Maintenance Therapy in HER2-Positive Unresectable Locally Recurrent or Metastatic Breast Cancer: A Phase II Study

To be eligible to participate in this trial, an individual must meet ALL the following criteria:

1. Patient must be capable to understand the purpose of the study and have signed written informed consent form (ICF) prior to beginning specific protocol procedures.

2. Female patients ≥ 18 years of age at the time of signing ICF.

3. Breast Cancer Requirements:

   1. Histologically or cytologically confirmed HER2-positive(IHC 3+ or ISH+) unresectable locally advanced or metastatic breast cancer (Note: Patients eligible for curative-intent treatment are excluded).
   2. Documented hormone receptor (HR) status.
   3. No prior systemic anti-tumor therapy for recurrent/metastatic disease (≤1 line of endocrine therapy is permitted*).
   4. For patients who received (neo)adjuvant therapy: >12 months between the end of systemic treatment (excluding endocrine therapy) and recurrence/metastasis.

4. Eastern Cooperative Oncology Group (ECOG) Performance Status of 0 or 1.

5. Adequate Organ Function.

6. Pregnancy and Contraception: Women of childbearing potential (WOCBP) must agree to use highly effective contraception from screening until7 months after the last dose of study treatment and must refrain from breastfeeding.

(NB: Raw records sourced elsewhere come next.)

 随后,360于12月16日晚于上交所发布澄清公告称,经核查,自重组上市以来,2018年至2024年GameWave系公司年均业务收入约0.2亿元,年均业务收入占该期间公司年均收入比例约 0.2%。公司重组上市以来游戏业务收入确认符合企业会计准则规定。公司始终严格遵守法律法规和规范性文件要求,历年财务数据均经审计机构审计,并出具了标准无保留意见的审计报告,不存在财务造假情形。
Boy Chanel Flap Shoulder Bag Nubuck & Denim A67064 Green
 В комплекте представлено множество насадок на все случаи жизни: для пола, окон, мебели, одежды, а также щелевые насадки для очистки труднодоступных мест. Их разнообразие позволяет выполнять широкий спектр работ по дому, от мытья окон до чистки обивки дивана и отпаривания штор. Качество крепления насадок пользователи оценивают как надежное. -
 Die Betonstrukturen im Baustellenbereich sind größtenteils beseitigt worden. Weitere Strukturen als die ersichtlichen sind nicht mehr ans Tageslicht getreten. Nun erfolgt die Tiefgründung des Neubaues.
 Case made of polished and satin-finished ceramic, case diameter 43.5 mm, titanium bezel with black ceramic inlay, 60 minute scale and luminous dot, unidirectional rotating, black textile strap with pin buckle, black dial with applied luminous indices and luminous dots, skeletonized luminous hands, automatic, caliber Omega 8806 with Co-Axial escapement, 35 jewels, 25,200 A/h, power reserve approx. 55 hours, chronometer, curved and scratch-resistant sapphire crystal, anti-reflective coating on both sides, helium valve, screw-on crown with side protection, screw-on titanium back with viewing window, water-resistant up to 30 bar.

An individual who meets ANY of the following criteria will be excluded from participation in this trial:

1. Known active CNS metastases not treated with surgery or radiotherapy, except for those who have achieved stable disease for ≥1 month after treatment and have discontinued corticosteroids for >2 weeks.

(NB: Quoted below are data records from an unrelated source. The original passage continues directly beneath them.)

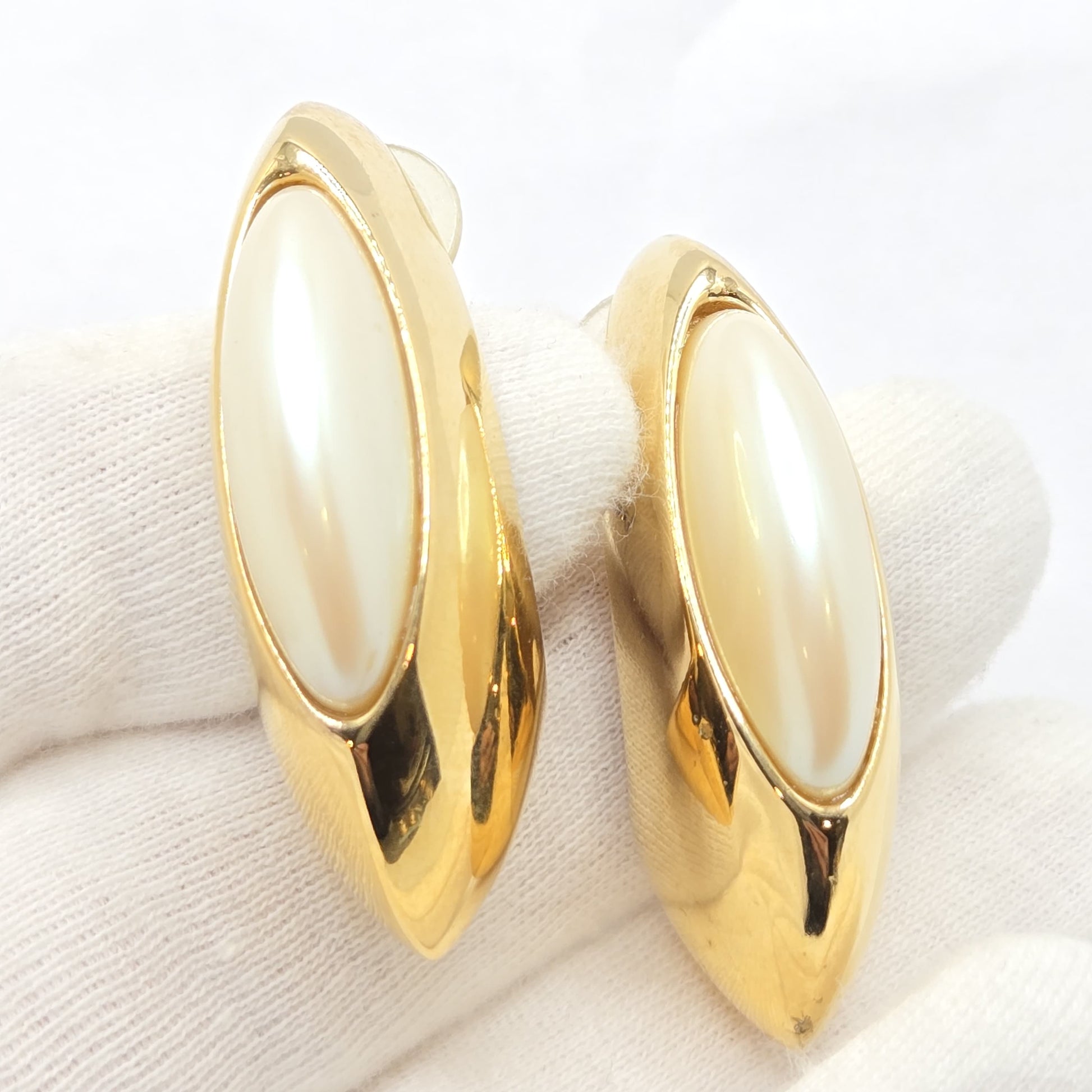 Vintage GIVENCHY Large Gold tone Faux pearl Earrings
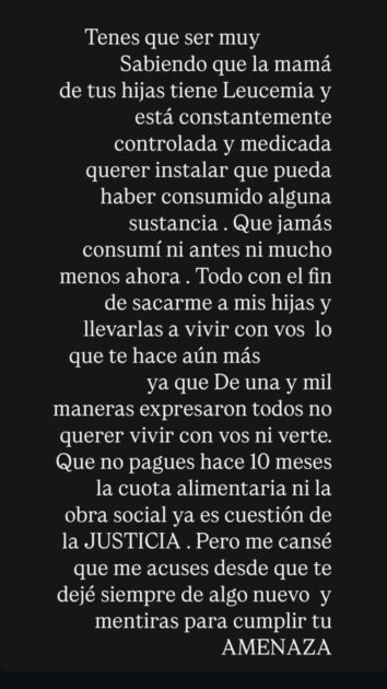 “Que no pagues hace 10 meses la cuota alimentaria ni la obra social ya es cuestión de la Justicia. Pero me cansé de que me acuses desde que te dejé, siempre de algo nuevo y mentiras para cumplir tu amenaza”.
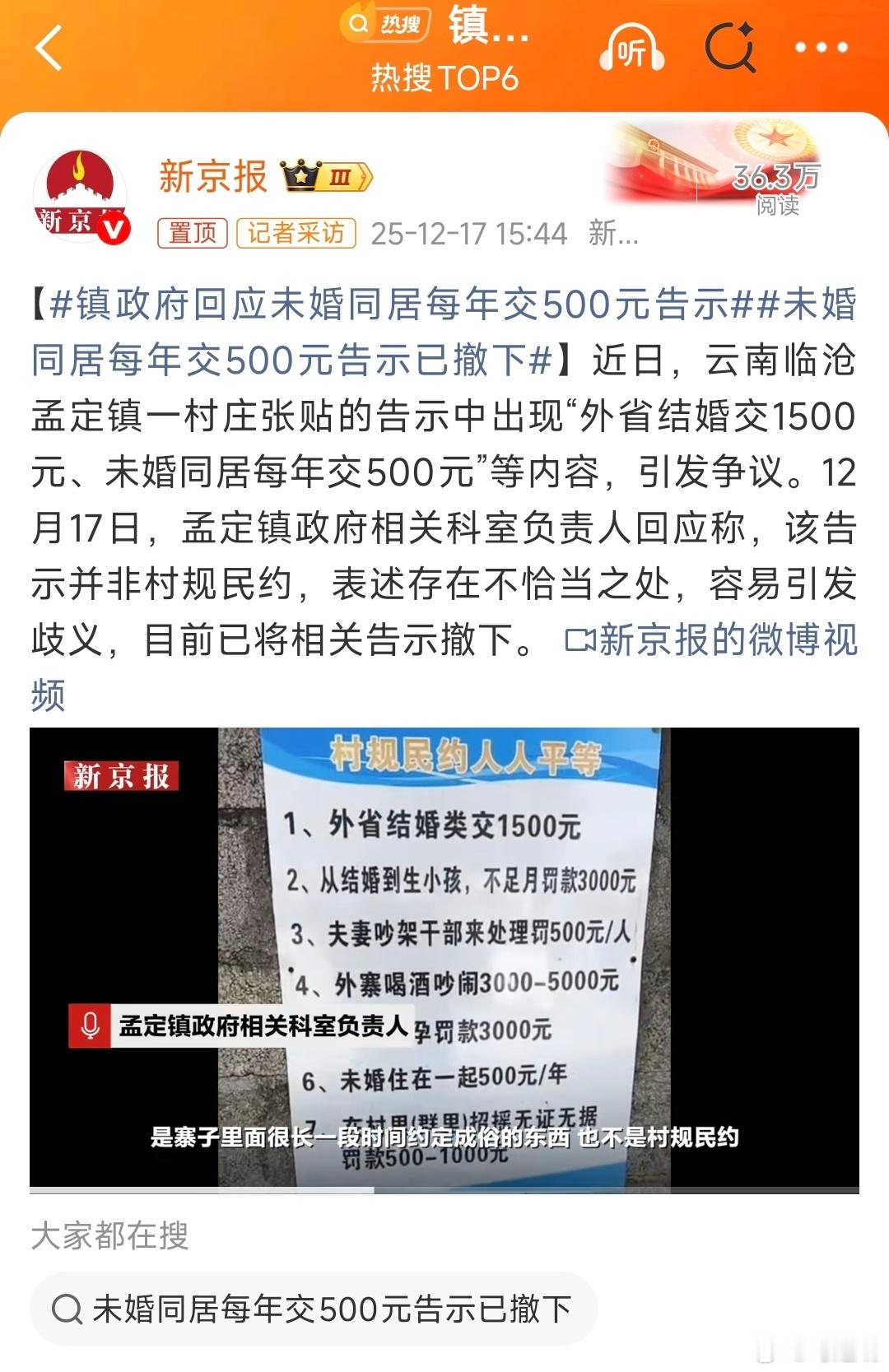 镇政府回应未婚同居每年交500元告示未婚同居每年交500元告示已撤下外省结婚交1500元、未婚同居每年交500元,夫妻吵架干部来处理500元……告示撤了。这家镇政府“服务”很到位。

2. Received major cancer-related surgery, radiotherapy, chemotherapy, immunotherapy, molecular targeted therapy, biologic therapy, or investigational drug therapy within 4 weeks prior to the first dose of study treatment.

3. Previous treatment with antibody-drug conjugates containing exatecan derivative topoisomerase I inhibitors.

4. Presence of clinically significant cardiovascular conditions, including:

   1. Severe/unstable angina
   2. Symptomatic congestive heart failure (NYHA class ≥II)
   3. Clinically significant supraventricular or ventricular arrhythmias requiring treatment or intervention
   4. Myocardial infarction within 6 months before the first dose

5. Has a history of non-infectious interstitial lung disease (ILD)/pneumonitis that required steroids, has current ILD/pneumonitis, or has suspected ILD/pneumonitis that cannot be ruled out by imaging at screening.

6. Known substance abuse or any other concurrent severe and/or uncontrolled medical condition that would, in the investigator's judgment, contraindicate patient participation.